Le sourire de Cherry s'effaça tandis qu'elle jetait un dernier regard nostalgique à Zion avant de sortir. Pendant ce temps, le visage de Zion, à nouveau, masquait toute émotion véritable lorsqu'il croisa brièvement mon regard. L'expression de culpabilité ou de regret dans ses yeux fut fugace, rapidement remplacée par un détachement froid.

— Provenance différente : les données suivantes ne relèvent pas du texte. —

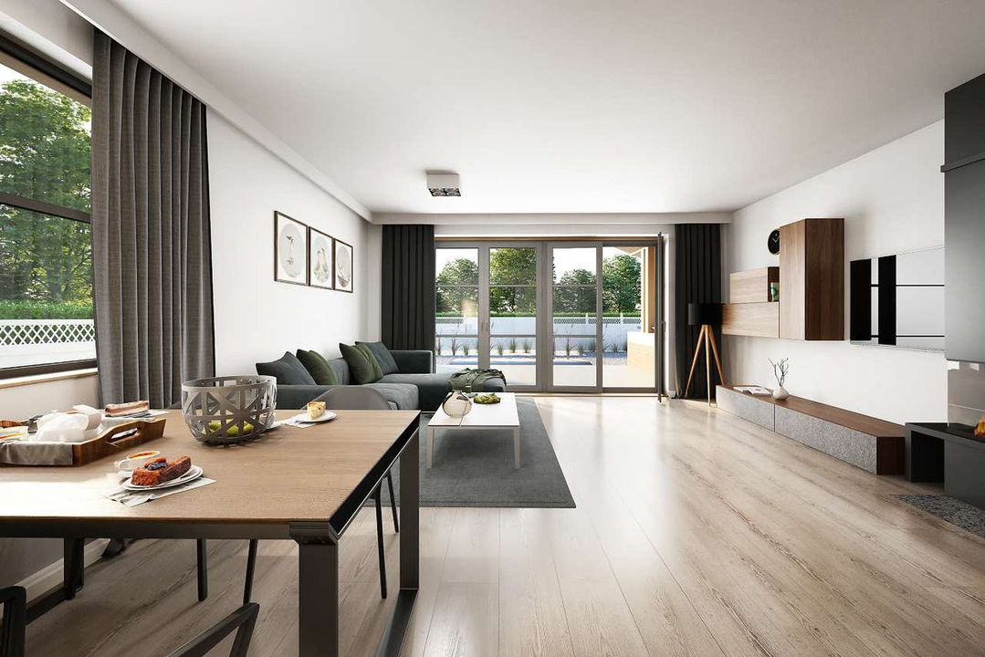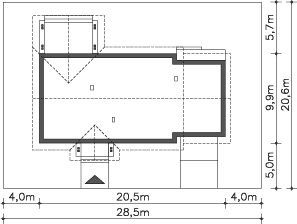 Graficzne opracowanie rzutów poglądowych widocznych na karcie projektu zostało wykonane przez Extradom.pl. Prezentowane przez Extradom.pl wizualizacje wykonane zostały przez autora projektu i należy poczytywać je jedynie za przykład i propozycję wykończenia, wizję architektoniczną autora projektu. Ostateczne wykończenie budynku może nastąpić na wiele sposobów. Szczegółowe rozwiązania zastosowane w oferowanej dokumentacji - w tym również ilość, lokalizacje i wygląd okien, drzwi, kominów - mogą w niewielkim stopniu różnić się od prezentowanej wizualizacji budynku.

« Mais Z... qu'en est-il du petit-déjeuner ? Tu ne vas pas me nourrir ? Je meurs de faim après tout le plaisir que nous avons eu la nuit dernière », dit Cherry, ses yeux se tournant vers moi avec un sourire narquois.

« Cherry, pas maintenant », répliqua Zion, jetant un coup d'œil momentané vers moi avant de détourner son attention.

« ZION ! » La voix de Jenny perça la tension, sa frustration évidente.

« Cherry, je t'ai dit de sortir », commanda Zion, son ton dur et inflexible alors qu'il la fusillait du regard.

« D'accord, Zion. Peu importe », dit Cherry, sa voix dégoulinant d'indifférence. « J'ai passé un super moment. Appelle-moi si jamais tu te sens seul à nouveau. » Elle se pencha et lui donna ce qui semblait être un baiser langoureux et sensuel avant de me jeter un dernier regard. Sans la moindre trace d'embarras, elle descendit les escaliers et sortit par la porte.

Jenny se massa les tempes et se tourna vers Zion, sa frustration évidente.

« Qu'est-ce qu'il y a ? » demanda Zion, son expression imperturbable comme si de rien n'était.

« Va te changer et mets quelque chose de décent, pour l'amour du ciel », lança Jenny, sa frustration évidente dans son ton.

« C'est décent », répliqua Zion, son ton défiant.

Un silence tendu s'installa entre eux alors qu'ils échangeaient des regards obstinés. Jenny, manifestement exaspérée, intervint pour désamorcer la situation.

« Zion, s'il te plaît », supplia-t-elle, sa voix teintée d'exaspération. « Mets juste une chemise, par souci de décence. » Ses yeux, remplis d'un mélange de frustration et de désespoir, se fixèrent sur lui, espérant percer sa défiance décontractée.

« Pourquoi le beau-papa désapprouve-t-il ? » marmonna Zion, sa voix dégoulinant de mépris.

« Zion, nous sortons pour le petit-déjeuner—un petit-déjeuner en famille », répondit Jenny, son ton ne souffrant aucune contradiction. « Alors ne commence pas avec moi. Je ne suis pas d'humeur. »

« Un petit-déjeuner en famille ? Quelle putain de blague », rétorqua-t-il, sa frustration palpable.

« Zion, s'il te plaît… » La voix de Jenny vacilla, mêlant supplication et épuisement.

Il soupira lourdement, une exhalation dramatique comme si l'idée même était au-dessous de lui, avant de monter les escaliers.

La poussée soudaine pour ce truc de « famille » semblait forcée et écrasante. Étant donné que Zion évite généralement toutes les réunions familiales, j'étais surpris qu'il ait même accepté celle-ci. Tout cela semblait un peu trop, trop soudain, et je partageais son sentiment de perplexité.